In the present climate of heightened fear and anxiety regarding possible future acts of terrorism, it can be expected that public officials and law enforcement agents will seek to demonstrate that suspected acts of terrorism are being aggressively prosecuted. And for this reason, in particular, the threat of overzealous and misguided prosecution must be guarded against.

This concern is well founded, as illustrated by a recent investigation of a suspected act of “bioterrorism” in Buffalo, New York. Federal prosecutors have indicted Steven Kurtz, an assistant professor at the University of Buffalo, for using certain biological organisms in his art work. Mr. Kurtz was apparently the target of an investigation by the anti-terrorism unit of the U.S. Attorney’s office.

However, Mr. Kurtz is a member of the art collective Critical Art Ensemble. His work, along with that of other members of the group, had been scheduled for exhibition at the Massachusetts Museum of Contemporary Art. The indictment drew significant publicity, which may explain why Mr. Kurtz was indicted not for terrorism charges but for wire and mail fraud charges related to the manner in which he obtained his biological art materials.

The curator of the art exhibit in which the work of Mr. Kurtz was to appear commented that the charges are “a far cry from bioterrorism. This is obviously an admission that they’re barking up the wrong tree. But it’s put the chill in a lot of people.”

Assembly bill no. 11732 would impose, under state law, criminal sanctions for acts of terror, defined as the use or possession of biological agents or toxins with the intent to “intimidate or coerce a civilian population” or to “influence the policy of a unit of government by intimidation or coercion.” As illustrated by the recent indictment of Steven Kurtz, such conduct may have nothing to do with terrorism.

Extending to local law-enforcement officials the authority to prosecute such matters is unwise in the extreme. Federal agents, acting under federal law, are far better qualified to undertake terrorism prosecutions (notwithstanding the apparently misguided investigation of Steven Kurtz).

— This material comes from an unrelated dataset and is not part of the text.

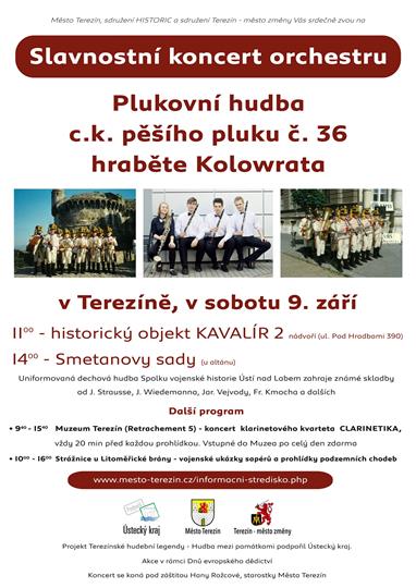 Dále na koncert orchestru Plukovní hudba c.k. pěšího pluku č. 36 hraběte Kolowrata v sobotu 9.9. 2017 v Kavalíru 2 a ve Smetanových sadech.

Over the past thirteen years, the U.S. Congress has developed a broad legal framework for investigating and prosecuting the unlawful use of nuclear/radiological, chemical and biological agents – including toxins and infectious agents.

The Congress has defined as federal crimes virtually every step in the process of developing or acquiring a chemical or biological agent for use as a weapon; and the Congress has vested federal agencies and the military with expansive authority to prevent the development of such weapons.

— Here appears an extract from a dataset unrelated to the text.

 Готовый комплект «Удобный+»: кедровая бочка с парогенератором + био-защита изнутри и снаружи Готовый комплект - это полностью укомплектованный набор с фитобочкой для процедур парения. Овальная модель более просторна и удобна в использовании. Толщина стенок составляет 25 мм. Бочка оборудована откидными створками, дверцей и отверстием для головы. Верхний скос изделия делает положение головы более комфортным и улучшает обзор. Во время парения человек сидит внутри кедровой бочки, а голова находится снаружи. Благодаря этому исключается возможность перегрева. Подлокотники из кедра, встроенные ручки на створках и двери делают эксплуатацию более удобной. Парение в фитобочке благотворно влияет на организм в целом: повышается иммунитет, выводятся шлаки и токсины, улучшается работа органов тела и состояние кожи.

What’s more, the Federal Bureau of Investigation has undertaken a highly publicized effort to work in close collaboration with the New York City Police Department, which now has its own Anti-terrorism Task Force, and with law-enforcement officials statewide.

This new collaboration between federal and state officials means that New York’s law-enforcement personnel will now operate with greatly enhanced investigative and prosecutorial powers.

And these new powers will be exercised under extraordinary pressure to produce results – that is, to investigate, prosecute and convict suspected terrorists. This circumstance makes even more troubling the further expansion of New York’s antiterrorism statute, as provided in A.11723.

In light of the foregoing, the NYCLU strongly recommends that the Assembly not take up A.11273. Instead we would urge that the legislature undertake bipartisan hearings, at which legislators, experts, and members of the public at large are afforded the opportunity to ask – and have answered – this question:

How will we ensure that state and local law enforcement undertake anti-terrorism initiatives in a manner that serves to protect the public safety and that also respects the fundamental rights and liberties promised in the Constitution and the Bill of Rights?